(Recorded data)
+++

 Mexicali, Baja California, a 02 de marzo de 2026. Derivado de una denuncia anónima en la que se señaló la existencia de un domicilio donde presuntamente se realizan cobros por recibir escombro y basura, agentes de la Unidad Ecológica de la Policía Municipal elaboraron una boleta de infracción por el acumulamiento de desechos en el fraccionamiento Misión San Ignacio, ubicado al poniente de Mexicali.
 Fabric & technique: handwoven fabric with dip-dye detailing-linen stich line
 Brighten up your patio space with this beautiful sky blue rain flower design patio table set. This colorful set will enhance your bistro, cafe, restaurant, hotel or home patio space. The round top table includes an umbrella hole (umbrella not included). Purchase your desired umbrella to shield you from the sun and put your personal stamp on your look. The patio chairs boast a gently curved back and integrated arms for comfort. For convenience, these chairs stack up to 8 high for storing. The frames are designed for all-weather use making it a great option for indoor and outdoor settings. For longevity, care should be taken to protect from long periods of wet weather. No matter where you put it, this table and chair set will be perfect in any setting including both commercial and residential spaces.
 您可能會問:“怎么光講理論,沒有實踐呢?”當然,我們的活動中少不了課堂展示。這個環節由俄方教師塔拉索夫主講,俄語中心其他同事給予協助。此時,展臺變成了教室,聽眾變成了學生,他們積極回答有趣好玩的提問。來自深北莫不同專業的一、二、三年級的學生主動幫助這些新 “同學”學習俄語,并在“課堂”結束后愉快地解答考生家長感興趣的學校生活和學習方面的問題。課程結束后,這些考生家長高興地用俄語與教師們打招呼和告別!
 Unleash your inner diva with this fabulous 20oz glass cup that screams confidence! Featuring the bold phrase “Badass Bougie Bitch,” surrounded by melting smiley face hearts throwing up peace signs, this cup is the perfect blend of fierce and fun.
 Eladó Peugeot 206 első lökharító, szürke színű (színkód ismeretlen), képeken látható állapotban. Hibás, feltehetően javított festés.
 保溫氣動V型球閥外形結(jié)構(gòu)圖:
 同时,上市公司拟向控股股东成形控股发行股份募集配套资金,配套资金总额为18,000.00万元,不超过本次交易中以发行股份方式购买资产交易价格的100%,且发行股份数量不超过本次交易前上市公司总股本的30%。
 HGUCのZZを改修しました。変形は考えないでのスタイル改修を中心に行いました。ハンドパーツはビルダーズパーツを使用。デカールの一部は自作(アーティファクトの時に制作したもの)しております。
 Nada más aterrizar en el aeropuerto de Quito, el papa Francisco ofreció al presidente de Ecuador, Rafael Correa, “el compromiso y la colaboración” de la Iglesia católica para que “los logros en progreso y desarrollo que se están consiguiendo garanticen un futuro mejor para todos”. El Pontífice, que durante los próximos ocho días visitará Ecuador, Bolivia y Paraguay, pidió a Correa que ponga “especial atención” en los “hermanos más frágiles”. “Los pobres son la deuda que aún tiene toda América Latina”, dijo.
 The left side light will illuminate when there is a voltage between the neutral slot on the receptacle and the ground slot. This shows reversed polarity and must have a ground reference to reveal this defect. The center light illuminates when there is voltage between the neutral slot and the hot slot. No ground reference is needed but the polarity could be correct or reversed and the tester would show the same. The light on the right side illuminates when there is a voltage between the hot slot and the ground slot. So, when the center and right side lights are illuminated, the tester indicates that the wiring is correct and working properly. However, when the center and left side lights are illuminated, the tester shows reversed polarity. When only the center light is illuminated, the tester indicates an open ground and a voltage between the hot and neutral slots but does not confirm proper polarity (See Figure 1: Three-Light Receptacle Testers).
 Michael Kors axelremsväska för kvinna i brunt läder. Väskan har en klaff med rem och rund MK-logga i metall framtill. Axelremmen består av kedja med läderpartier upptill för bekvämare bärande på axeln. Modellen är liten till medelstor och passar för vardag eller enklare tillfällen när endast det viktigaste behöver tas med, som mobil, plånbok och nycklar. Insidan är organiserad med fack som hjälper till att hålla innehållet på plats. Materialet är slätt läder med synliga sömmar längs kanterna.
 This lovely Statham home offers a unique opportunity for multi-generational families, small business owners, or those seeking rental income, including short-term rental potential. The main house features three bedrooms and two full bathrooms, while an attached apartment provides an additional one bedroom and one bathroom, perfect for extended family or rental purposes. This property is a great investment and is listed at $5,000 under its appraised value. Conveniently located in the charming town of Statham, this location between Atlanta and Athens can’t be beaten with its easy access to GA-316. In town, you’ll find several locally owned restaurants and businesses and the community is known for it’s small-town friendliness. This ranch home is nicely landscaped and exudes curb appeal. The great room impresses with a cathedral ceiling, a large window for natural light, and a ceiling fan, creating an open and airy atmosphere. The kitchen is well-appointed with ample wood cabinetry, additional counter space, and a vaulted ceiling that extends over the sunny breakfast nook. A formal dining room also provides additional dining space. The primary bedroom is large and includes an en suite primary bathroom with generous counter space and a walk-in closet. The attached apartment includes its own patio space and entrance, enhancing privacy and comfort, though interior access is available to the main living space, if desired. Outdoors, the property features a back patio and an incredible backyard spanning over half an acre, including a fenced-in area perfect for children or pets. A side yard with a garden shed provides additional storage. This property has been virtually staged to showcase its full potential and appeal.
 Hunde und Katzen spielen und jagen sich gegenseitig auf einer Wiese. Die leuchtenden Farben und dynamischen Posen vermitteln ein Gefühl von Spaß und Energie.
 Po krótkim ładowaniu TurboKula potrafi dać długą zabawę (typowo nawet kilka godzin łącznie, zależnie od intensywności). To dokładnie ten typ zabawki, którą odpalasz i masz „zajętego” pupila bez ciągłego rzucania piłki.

+++

### EXERCISE INSTRUCTIONS:
Starting at the top of the data above, repeat every line exactly until the line containing "Brighten up your" has been given, then stop.

### SOLUTION BELOW:
 Mexicali, Baja California, a 02 de marzo de 2026. Derivado de una denuncia anónima en la que se señaló la existencia de un domicilio donde presuntamente se realizan cobros por recibir escombro y basura, agentes de la Unidad Ecológica de la Policía Municipal elaboraron una boleta de infracción por el acumulamiento de desechos en el fraccionamiento Misión San Ignacio, ubicado al poniente de Mexicali.
 Fabric & technique: handwoven fabric with dip-dye detailing-linen stich line
 Brighten up your patio space with this beautiful sky blue rain flower design patio table set. This colorful set will enhance your bistro, cafe, restaurant, hotel or home patio space. The round top table includes an umbrella hole (umbrella not included). Purchase your desired umbrella to shield you from the sun and put your personal stamp on your look. The patio chairs boast a gently curved back and integrated arms for comfort. For convenience, these chairs stack up to 8 high for storing. The frames are designed for all-weather use making it a great option for indoor and outdoor settings. For longevity, care should be taken to protect from long periods of wet weather. No matter where you put it, this table and chair set will be perfect in any setting including both commercial and residential spaces.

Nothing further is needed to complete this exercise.